Rehabilitation Nurse

Career Overview of a Rehabilitation Nurse
Generally, a rehabilitation nurse specializes in assisting patients recovering from a chronic illness or debilitating injury. This assistance includes providing transitional support to patients, their families and primary caregivers throughout the recovery process. The rehabilitation nurse may devise a short-term and long-term treatment plan, depending on the illness or injury.

Education and Certification Requirements
There are several academic avenues available to anyone interested in becoming a rehabilitation nurse.

A registered nurse (RN) or licensed vocational nurse (LVN) may choose to gain on-the-job training in a long-term care or healthcare facility that offers in rehabilitation services. In some cases, a RN may also complete a Master of Science in Rehabilitation Nursing.

Typically, a minimum Bachelor’s of Science in Nursing (BSN) and two years of work experience in a rehabilitation facility is required to sit for a certification exam. This certification is offered through the Association or Rehabilitation Nurses.

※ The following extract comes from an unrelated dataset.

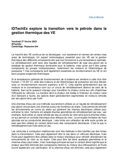 Le marché des VE continue de se développer, non seulement en termes de ventes mais aussi de technologie. Un aspect technologique essentiel pour les VE est la gestion thermique des différents composants afin que tout fonctionne à une température optimale. Le refroidissement actif avec des liquides de refroidissement de type eau-glycol est la stratégie de gestion thermique dominante pour la batterie, mais qu'en est-il des autres composants du groupe motopropulseur?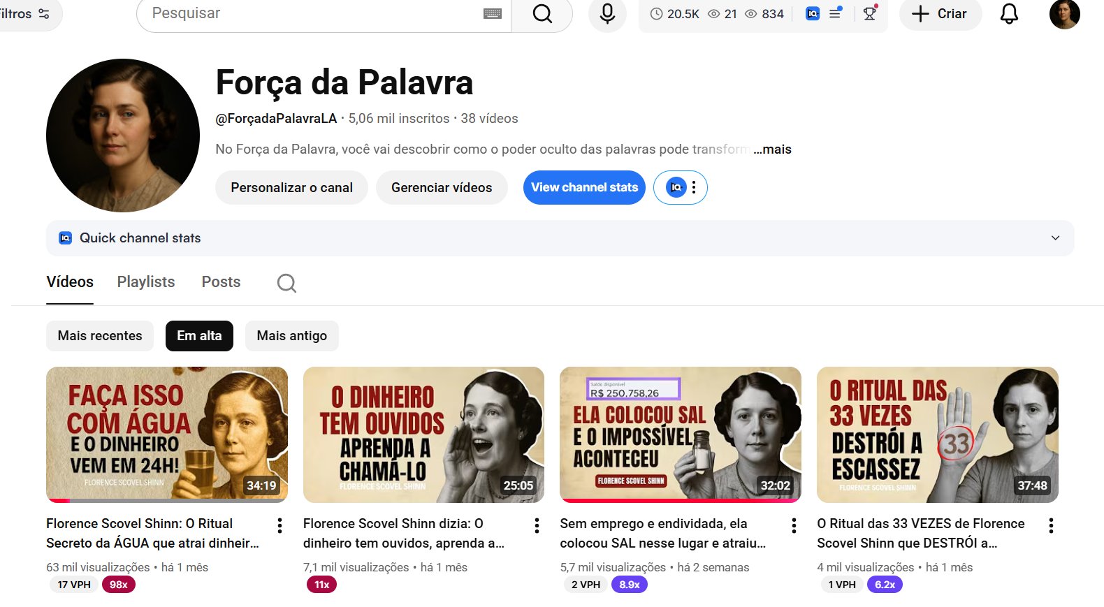Se você está procurando entrar no YouTube com um canal já pronto, monetizado, crescente e com potencial de explosão, o Força da Palavra é exatamente o que você quer.

Known as a Certified Registered Rehabilitation Nurse (CRRN) credential, this gives RNs the designation to practice rehabilitative medicine.

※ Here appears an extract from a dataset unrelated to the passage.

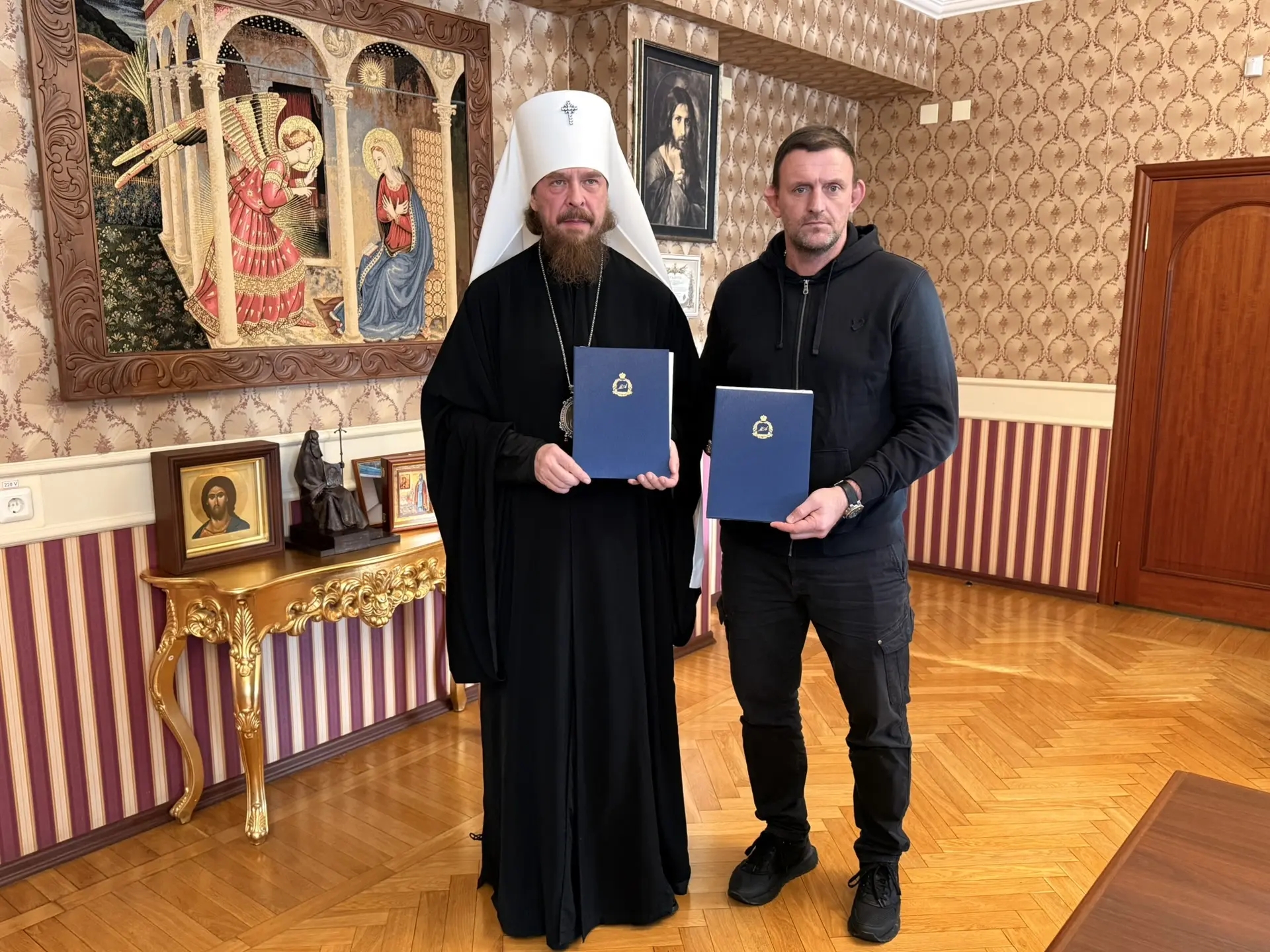 Заместитель председателя Патриаршей комиссии также принял участие в торжественной церемонии подписания соглашений о сотрудничестве между Челябинской митрополией и Федерацией бокса Челябинской области, региональной Федерацией смешанного боевого единоборства и спортивной школой № 10 по спортивной борьбе и самбо.

Work Environment for a Rehabilitation Nurse
The philosophy of care in helping patients after an injury or illness guides the work environment for rehabilitation nurses. A primary task is creating individualized treatment plans with rehabilitative goals for patients. Additionally, educating patients and caregivers about restorative care is essential to help patients return to an independent, active lifestyle. Rehabilitation nurses may also collaborate with other healthcare specialists regarding patient care.

This can become a physically demanding job, as many patients are in wheelchairs or using other medical devices that inhibit mobility. The treatment plan takes a holistic approach to meeting the medical, environmental, educational and emotional needs of the patient to achieve full recovery.

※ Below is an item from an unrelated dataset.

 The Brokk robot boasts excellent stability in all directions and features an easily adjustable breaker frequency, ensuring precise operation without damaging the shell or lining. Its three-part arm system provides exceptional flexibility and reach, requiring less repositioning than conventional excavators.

On a daily basis, a rehabilitation nurse may work as a case manager, educator, researcher or administrator in a variety of healthcare facilitiess including:

• Acute care
• Medical clinics
• Private practice

Rehabilitation nurses may also work for local schools, home healthcare agencies and hospitals that specialize in rehabilitative services.

Average Salary for a Rehabilitation Nurse
The average salary for a CRRN is $61,000 annually. The actual amount will vary depending on the geographical location and healthcare facility where the rehabilitation nurse is employed.

In some cases, a rehabilitation nurse can earn $70,000 or more annually. Those who practice in a specialized medical condition may earn substantially more.

Career Outlook
The healthcare will continue to see tremendous growth and opportunity as the aging population lives longer and require ongoing care. Specifically, there are a number of factors that will contribute to the growth in career opportunities for rehabilitation nurses. The growing emphasis on preventive care, advances in technology and rehabilitative medicine will lead to many job openings throughout the country.

Similar Nursing Fields
Rehabilitation nurses may work in more specialized areas. Cardiac rehabilitation nurses work with patients who are recovering from a heart attack. A substance abuse rehabilitation nurse works with patients overcoming an addiction to drugs and/or alcohol. Mental illness rehabilitation nurses care for patients in psychiatric wards and other mental health facilities.